- [EXERCISE OBJECTIVE]:
Please make an exact transcription of the records, keeping the pictures out of it.

Segment Start: TASK INPUTS

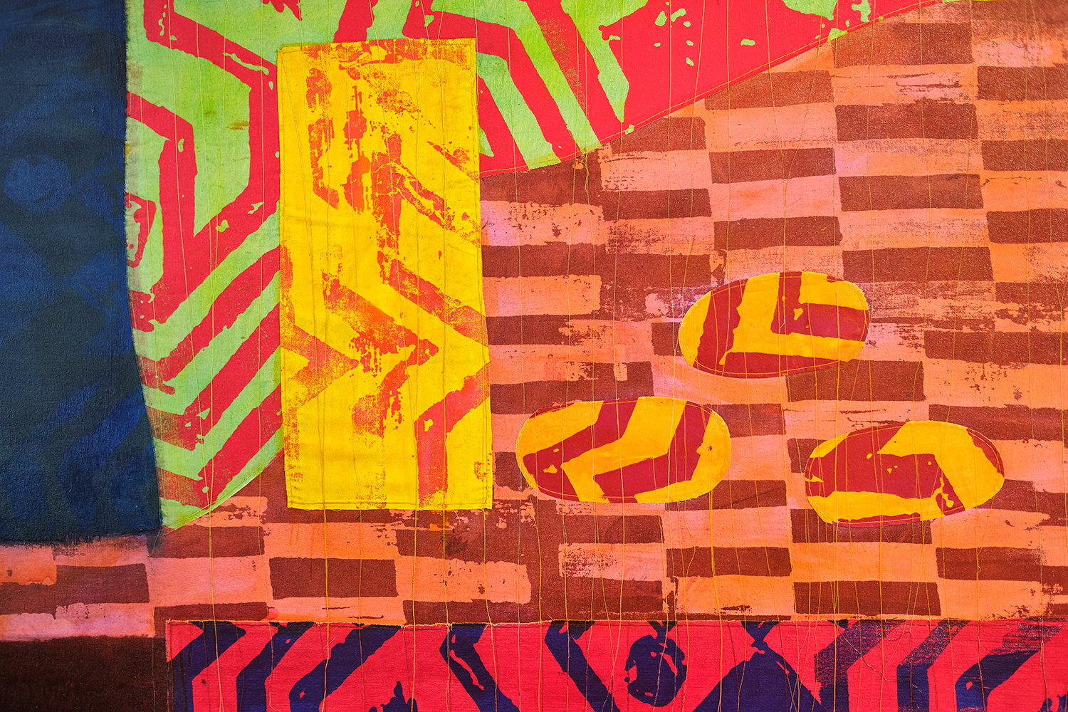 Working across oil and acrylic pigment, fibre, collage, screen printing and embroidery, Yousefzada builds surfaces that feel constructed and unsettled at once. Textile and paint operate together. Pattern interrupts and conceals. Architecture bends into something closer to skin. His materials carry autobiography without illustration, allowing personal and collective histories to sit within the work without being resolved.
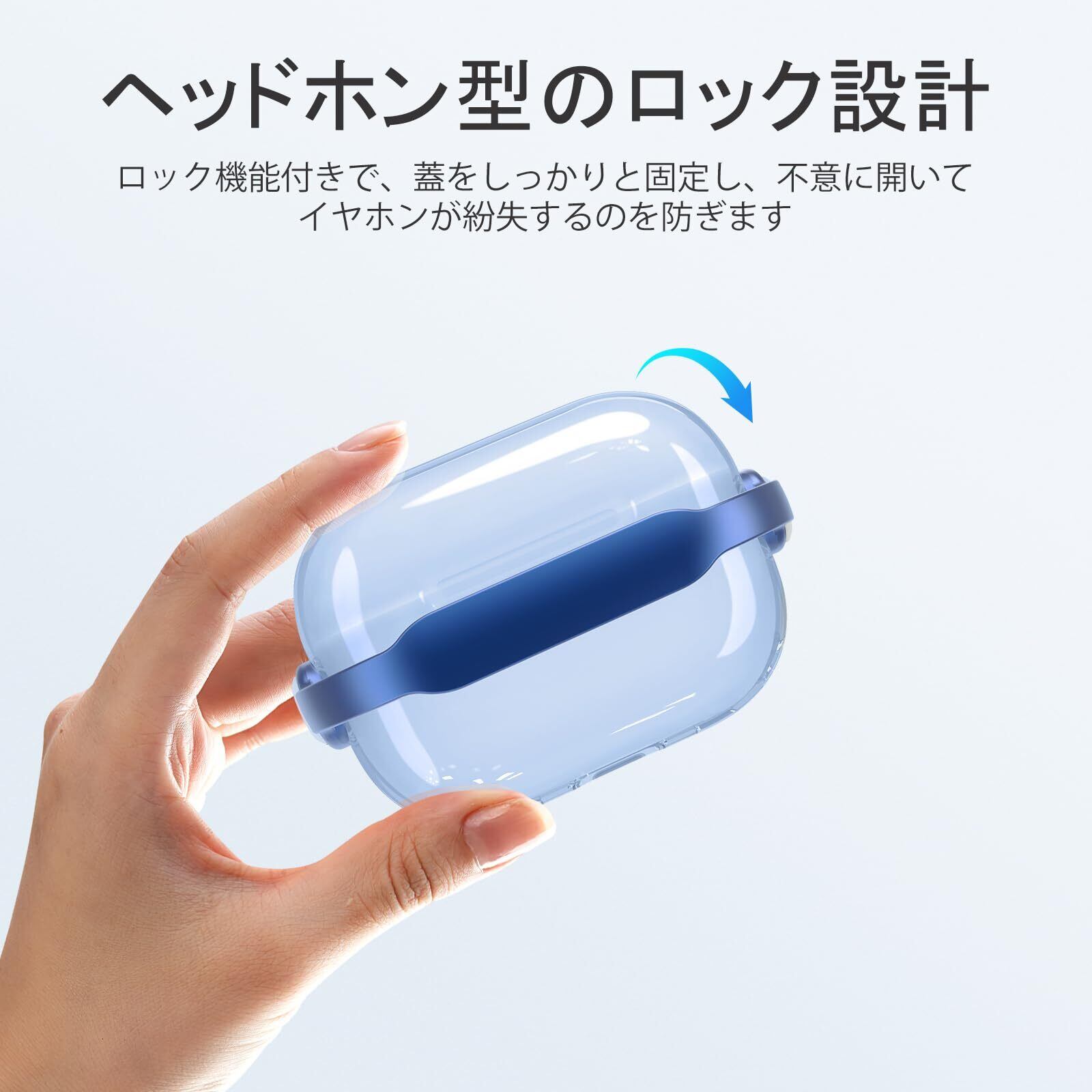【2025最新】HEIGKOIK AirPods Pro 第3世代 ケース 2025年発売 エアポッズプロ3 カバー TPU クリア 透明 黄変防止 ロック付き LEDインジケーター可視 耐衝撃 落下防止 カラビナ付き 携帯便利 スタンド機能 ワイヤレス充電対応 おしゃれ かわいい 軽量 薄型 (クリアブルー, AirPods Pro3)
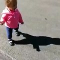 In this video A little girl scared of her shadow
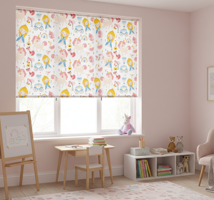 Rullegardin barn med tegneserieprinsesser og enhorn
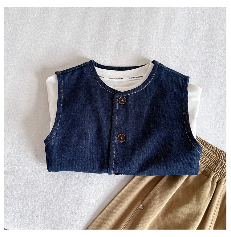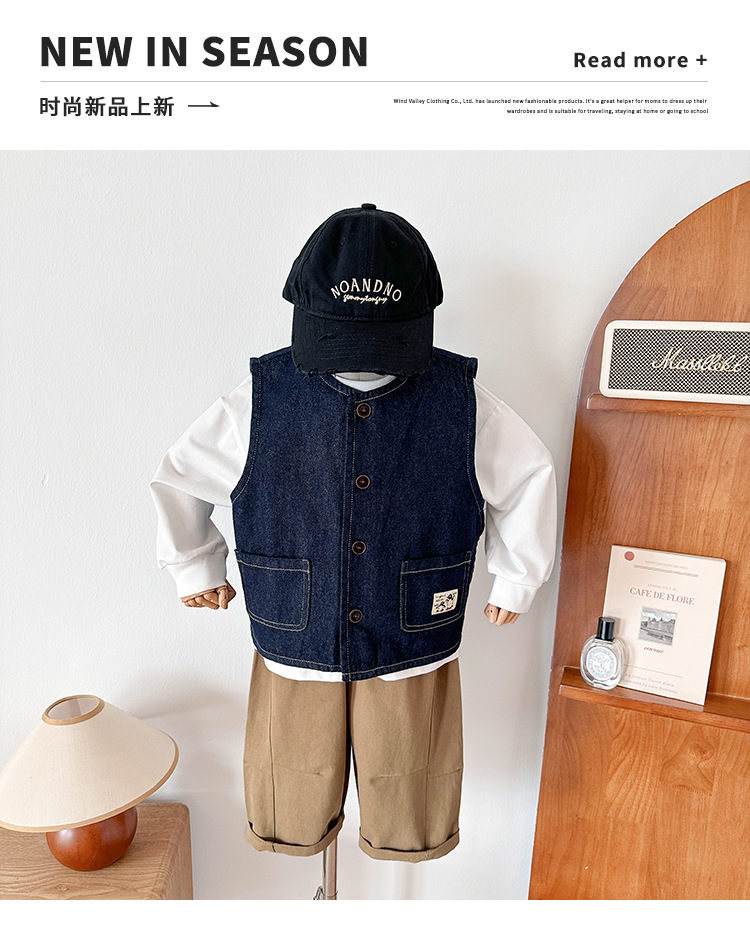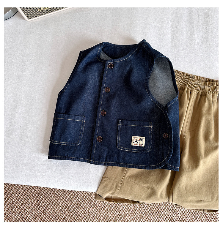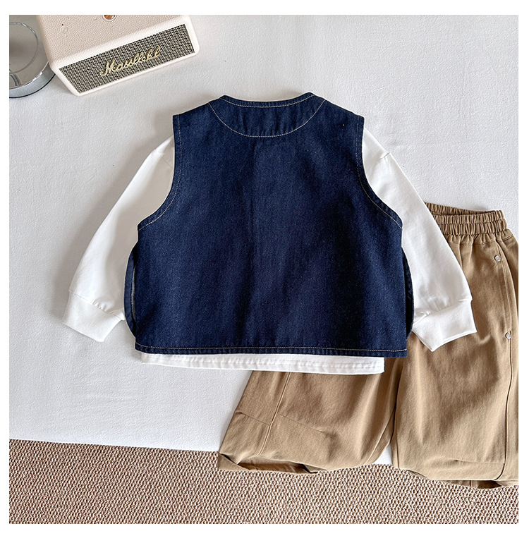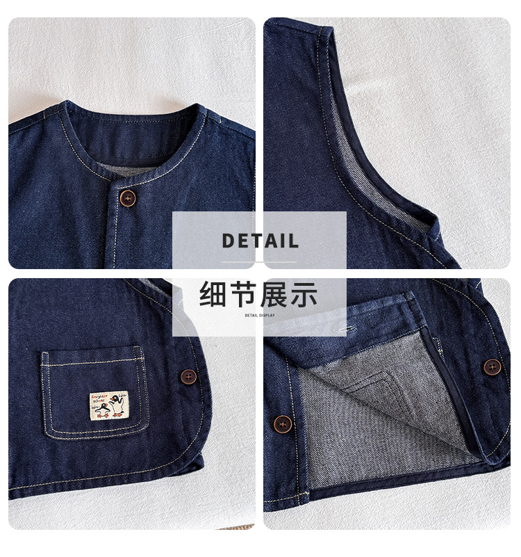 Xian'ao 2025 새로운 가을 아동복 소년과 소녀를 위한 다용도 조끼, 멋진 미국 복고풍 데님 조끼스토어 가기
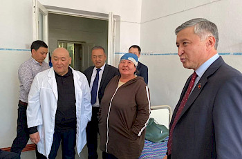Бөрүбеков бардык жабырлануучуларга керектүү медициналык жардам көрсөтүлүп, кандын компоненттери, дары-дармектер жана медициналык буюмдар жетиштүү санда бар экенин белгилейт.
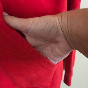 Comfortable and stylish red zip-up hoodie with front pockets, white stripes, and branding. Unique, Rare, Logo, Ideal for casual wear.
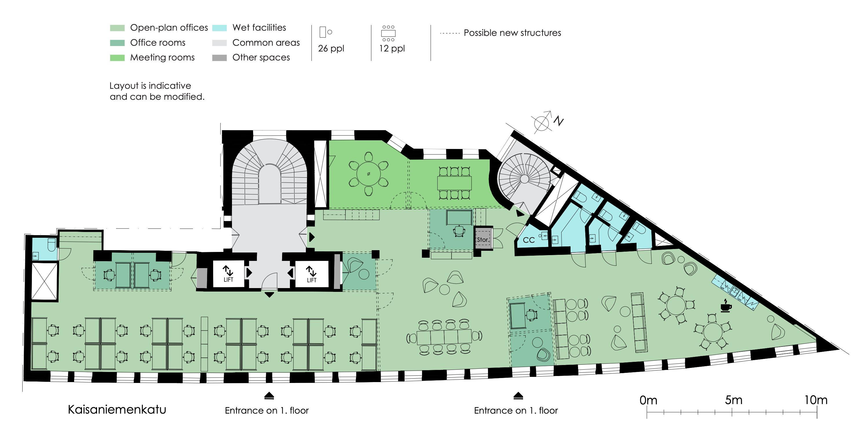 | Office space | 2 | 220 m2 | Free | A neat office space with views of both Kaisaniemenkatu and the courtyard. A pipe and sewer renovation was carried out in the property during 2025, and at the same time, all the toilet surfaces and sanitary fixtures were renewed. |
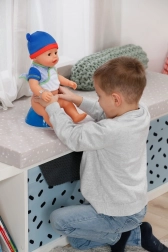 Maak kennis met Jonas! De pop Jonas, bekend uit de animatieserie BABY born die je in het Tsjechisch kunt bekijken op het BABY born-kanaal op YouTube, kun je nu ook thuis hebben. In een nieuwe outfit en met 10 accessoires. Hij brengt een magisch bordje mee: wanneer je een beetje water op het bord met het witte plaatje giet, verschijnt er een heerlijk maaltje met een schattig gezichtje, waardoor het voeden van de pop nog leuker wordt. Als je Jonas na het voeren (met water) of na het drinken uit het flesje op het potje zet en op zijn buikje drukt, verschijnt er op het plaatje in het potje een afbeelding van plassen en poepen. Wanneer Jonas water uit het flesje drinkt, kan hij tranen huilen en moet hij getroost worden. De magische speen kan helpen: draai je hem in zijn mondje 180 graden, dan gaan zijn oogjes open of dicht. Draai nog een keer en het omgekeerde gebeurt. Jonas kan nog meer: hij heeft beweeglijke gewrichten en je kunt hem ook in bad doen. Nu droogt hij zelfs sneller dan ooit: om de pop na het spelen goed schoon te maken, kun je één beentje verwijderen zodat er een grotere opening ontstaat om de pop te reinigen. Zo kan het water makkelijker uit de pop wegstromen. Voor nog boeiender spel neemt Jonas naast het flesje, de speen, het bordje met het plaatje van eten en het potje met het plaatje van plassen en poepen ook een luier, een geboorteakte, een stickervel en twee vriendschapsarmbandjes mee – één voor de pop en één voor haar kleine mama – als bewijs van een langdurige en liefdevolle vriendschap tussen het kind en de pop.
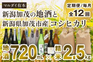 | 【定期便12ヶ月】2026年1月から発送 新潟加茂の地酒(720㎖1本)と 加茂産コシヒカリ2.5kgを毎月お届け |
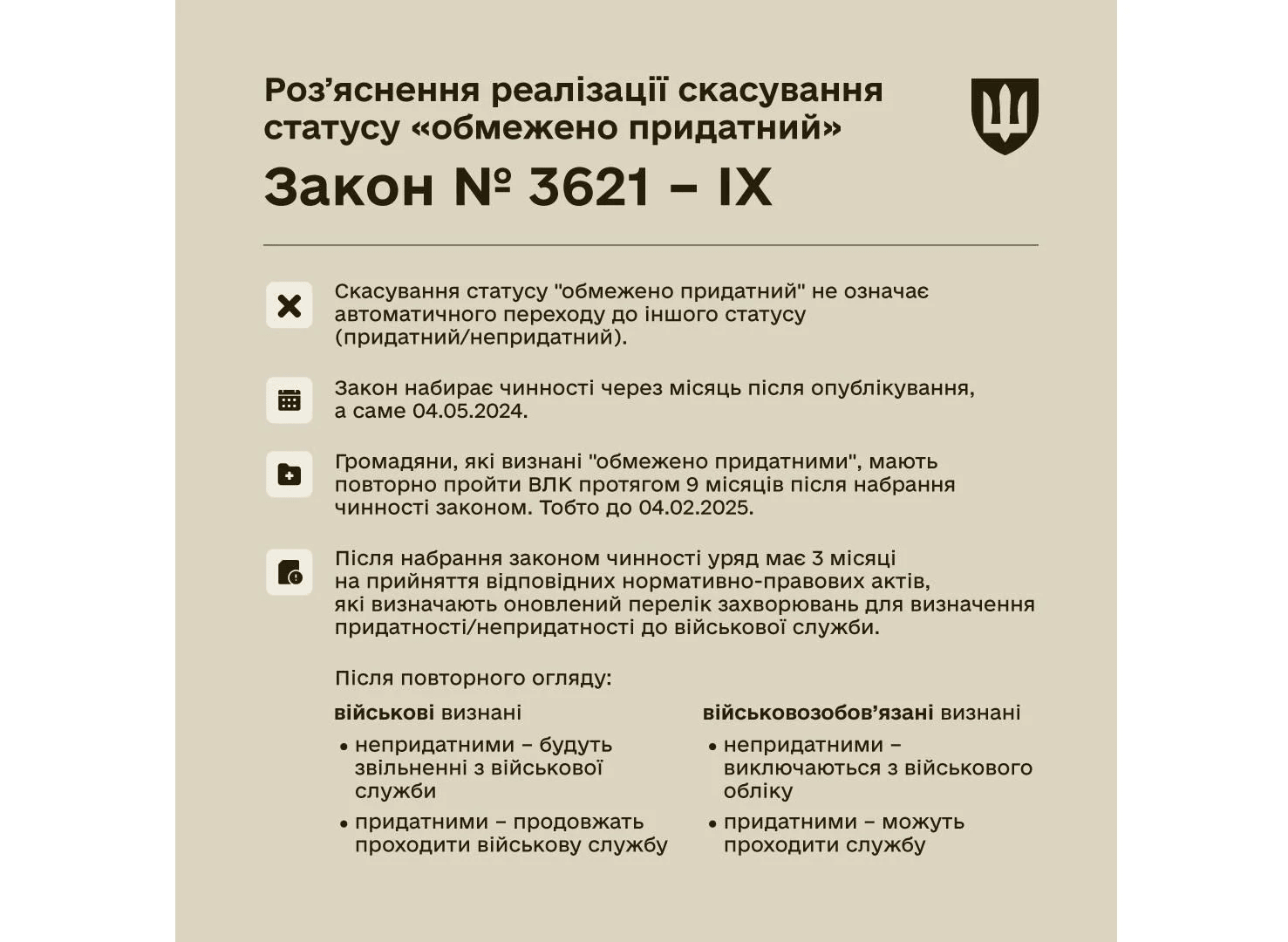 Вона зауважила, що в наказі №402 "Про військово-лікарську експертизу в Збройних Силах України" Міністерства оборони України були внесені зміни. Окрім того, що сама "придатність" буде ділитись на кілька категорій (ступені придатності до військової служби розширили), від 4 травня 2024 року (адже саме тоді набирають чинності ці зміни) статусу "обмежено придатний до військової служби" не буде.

Segment End: TASK INPUTS

- [ANSWER SPACE]:
 Working across oil and acrylic pigment, fibre, collage, screen printing and embroidery, Yousefzada builds surfaces that feel constructed and unsettled at once. Textile and paint operate together. Pattern interrupts and conceals. Architecture bends into something closer to skin. His materials carry autobiography without illustration, allowing personal and collective histories to sit within the work without being resolved.
【2025最新】HEIGKOIK AirPods Pro 第3世代 ケース 2025年発売 エアポッズプロ3 カバー TPU クリア 透明 黄変防止 ロック付き LEDインジケーター可視 耐衝撃 落下防止 カラビナ付き 携帯便利 スタンド機能 ワイヤレス充電対応 おしゃれ かわいい 軽量 薄型 (クリアブルー, AirPods Pro3)
 In this video A little girl scared of her shadow
 Rullegardin barn med tegneserieprinsesser og enhorn
 Xian'ao 2025 새로운 가을 아동복 소년과 소녀를 위한 다용도 조끼, 멋진 미국 복고풍 데님 조끼스토어 가기
Бөрүбеков бардык жабырлануучуларга керектүү медициналык жардам көрсөтүлүп, кандын компоненттери, дары-дармектер жана медициналык буюмдар жетиштүү санда бар экенин белгилейт.
 Comfortable and stylish red zip-up hoodie with front pockets, white stripes, and branding. Unique, Rare, Logo, Ideal for casual wear.
 | Office space | 2 | 220 m2 | Free | A neat office space with views of both Kaisaniemenkatu and the courtyard. A pipe and sewer renovation was carried out in the property during 2025, and at the same time, all the toilet surfaces and sanitary fixtures were renewed. |
 Maak kennis met Jonas! De pop Jonas, bekend uit de animatieserie BABY born die je in het Tsjechisch kunt bekijken op het BABY born-kanaal op YouTube, kun je nu ook thuis hebben. In een nieuwe outfit en met 10 accessoires. Hij brengt een magisch bordje mee: wanneer je een beetje water op het bord met het witte plaatje giet, verschijnt er een heerlijk maaltje met een schattig gezichtje, waardoor het voeden van de pop nog leuker wordt. Als je Jonas na het voeren (met water) of na het drinken uit het flesje op het potje zet en op zijn buikje drukt, verschijnt er op het plaatje in het potje een afbeelding van plassen en poepen. Wanneer Jonas water uit het flesje drinkt, kan hij tranen huilen en moet hij getroost worden. De magische speen kan helpen: draai je hem in zijn mondje 180 graden, dan gaan zijn oogjes open of dicht. Draai nog een keer en het omgekeerde gebeurt. Jonas kan nog meer: hij heeft beweeglijke gewrichten en je kunt hem ook in bad doen. Nu droogt hij zelfs sneller dan ooit: om de pop na het spelen goed schoon te maken, kun je één beentje verwijderen zodat er een grotere opening ontstaat om de pop te reinigen. Zo kan het water makkelijker uit de pop wegstromen. Voor nog boeiender spel neemt Jonas naast het flesje, de speen, het bordje met het plaatje van eten en het potje met het plaatje van plassen en poepen ook een luier, een geboorteakte, een stickervel en twee vriendschapsarmbandjes mee – één voor de pop en één voor haar kleine mama – als bewijs van een langdurige en liefdevolle vriendschap tussen het kind en de pop.
 | 【定期便12ヶ月】2026年1月から発送 新潟加茂の地酒(720㎖1本)と 加茂産コシヒカリ2.5kgを毎月お届け |
 Вона зауважила, що в наказі №402 "Про військово-лікарську експертизу в Збройних Силах України" Міністерства оборони України були внесені зміни. Окрім того, що сама "придатність" буде ділитись на кілька категорій (ступені придатності до військової служби розширили), від 4 травня 2024 року (адже саме тоді набирають чинності ці зміни) статусу "обмежено придатний до військової служби" не буде.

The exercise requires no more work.